Output every line below exactly, please, omitting pictures.

▸ **PROVIDED MATERIAL**:
=======

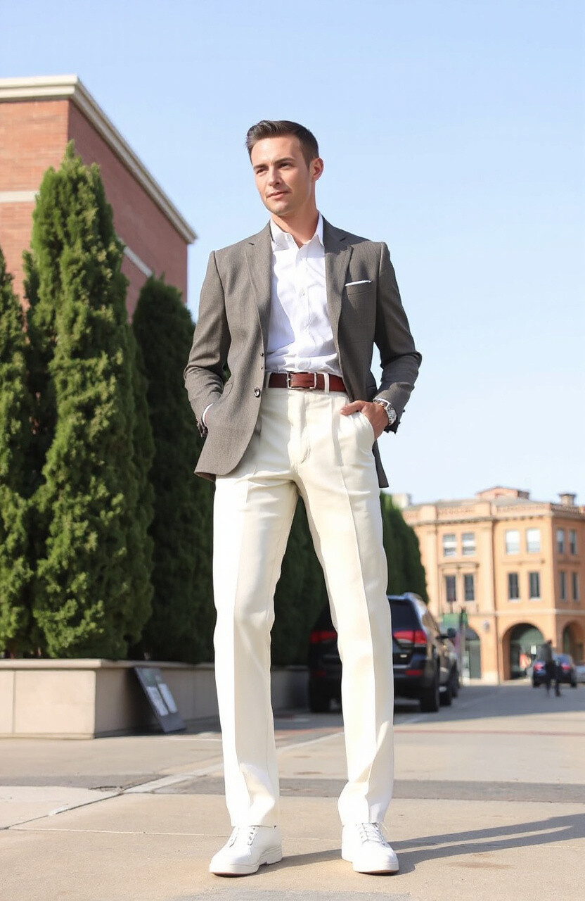 Khaki pleated pants are like a blank canvas. They go with everything! Whether you’re dressing up for a meeting or heading to a casual lunch, these pants have got your back. They’re timeless and never out of style.
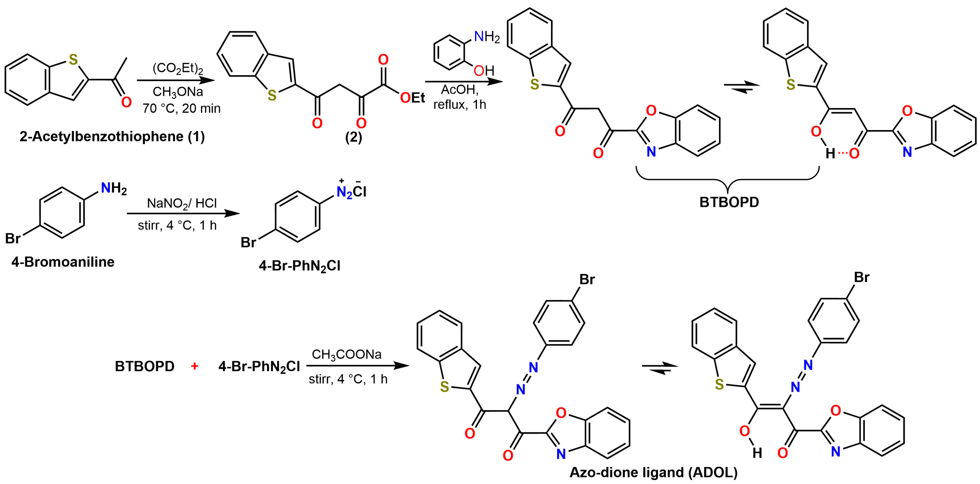 2) via a Claisen condensation between 2-acetylbenzothiophene and diethyl oxalate, wherein sodium methoxide catalyzes the reaction at a temperature of 70 °C. The subsequent reaction of compound 2 with 2-aminophenol in acetic acid yields 1-(benzo[b]thiophen-2-yl)-3-(benzo[d]oxazol-2-yl) propane-1,3-dione (BTBOPD), a β-diketone displaying intramolecular hydrogen bonding. This equilibrium is in fact quite characteristic of 1,3-diketones in general. Simultaneously, 4-bromoaniline is diazotized with NaNO
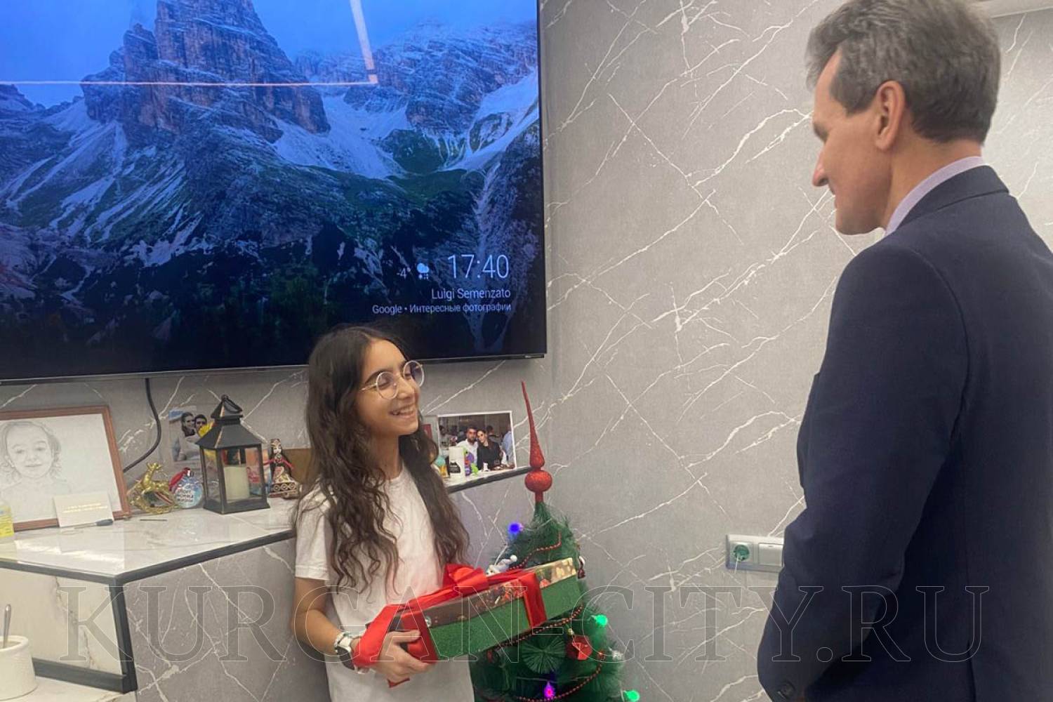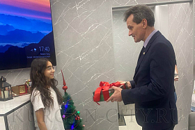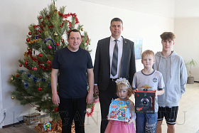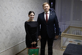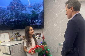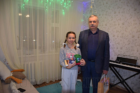 Сергей Романов поздравил семью Обласовых с Новым годом. Пожелал Ангелине успехов в учёбе, творческих удач и отметил, что такая активная позиция школьницы – это гордость не только родителей, но и города.
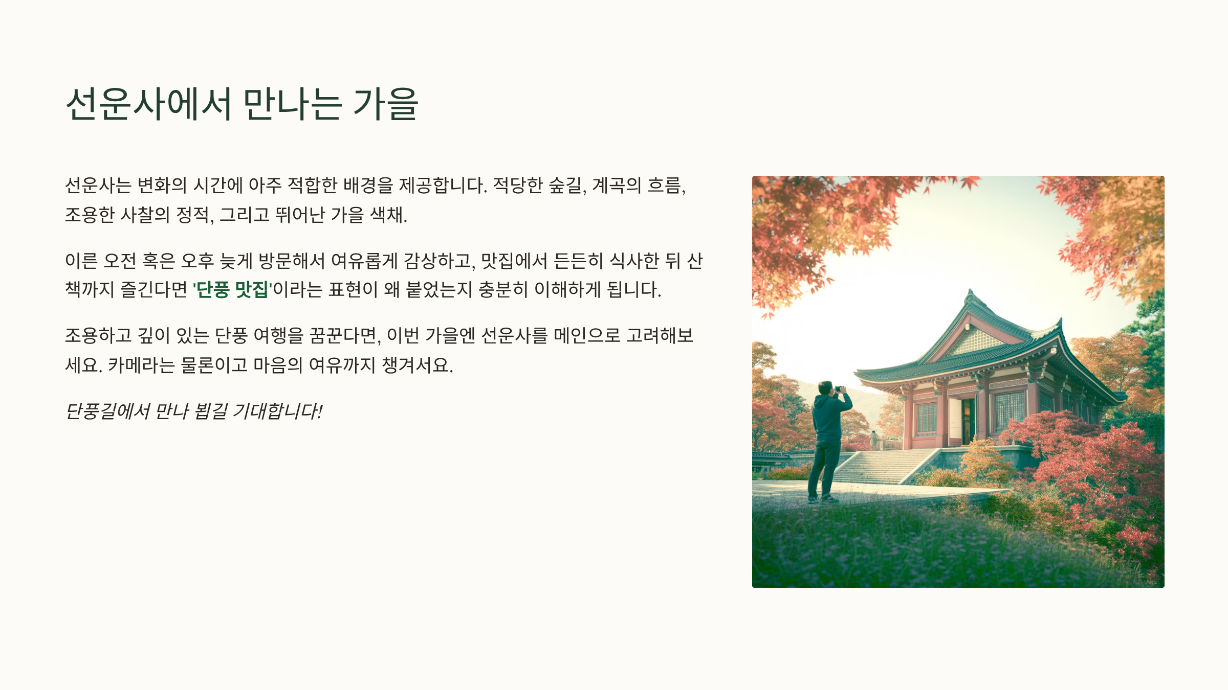 가을 단풍 여행은 단순히 ‘나무색이 바뀌었다’는 풍경을 넘어서, 시간과 계절이 만들어낸 자연의 변화, 마음의 여유를 담아가는 경험입니다. 선운사는 그 변화의 시간에 아주 적합한 배경을 제공합니다: 적당한 숲길, 계곡의 흐름, 조용한 사찰의 정적, 그리고 뛰어난 가을 색채.

=======

▸ **ANSWER TO THIS EXERCISE**:
 Khaki pleated pants are like a blank canvas. They go with everything! Whether you’re dressing up for a meeting or heading to a casual lunch, these pants have got your back. They’re timeless and never out of style.
 2) via a Claisen condensation between 2-acetylbenzothiophene and diethyl oxalate, wherein sodium methoxide catalyzes the reaction at a temperature of 70 °C. The subsequent reaction of compound 2 with 2-aminophenol in acetic acid yields 1-(benzo[b]thiophen-2-yl)-3-(benzo[d]oxazol-2-yl) propane-1,3-dione (BTBOPD), a β-diketone displaying intramolecular hydrogen bonding. This equilibrium is in fact quite characteristic of 1,3-diketones in general. Simultaneously, 4-bromoaniline is diazotized with NaNO
 Сергей Романов поздравил семью Обласовых с Новым годом. Пожелал Ангелине успехов в учёбе, творческих удач и отметил, что такая активная позиция школьницы – это гордость не только родителей, но и города.
 가을 단풍 여행은 단순히 ‘나무색이 바뀌었다’는 풍경을 넘어서, 시간과 계절이 만들어낸 자연의 변화, 마음의 여유를 담아가는 경험입니다. 선운사는 그 변화의 시간에 아주 적합한 배경을 제공합니다: 적당한 숲길, 계곡의 흐름, 조용한 사찰의 정적, 그리고 뛰어난 가을 색채.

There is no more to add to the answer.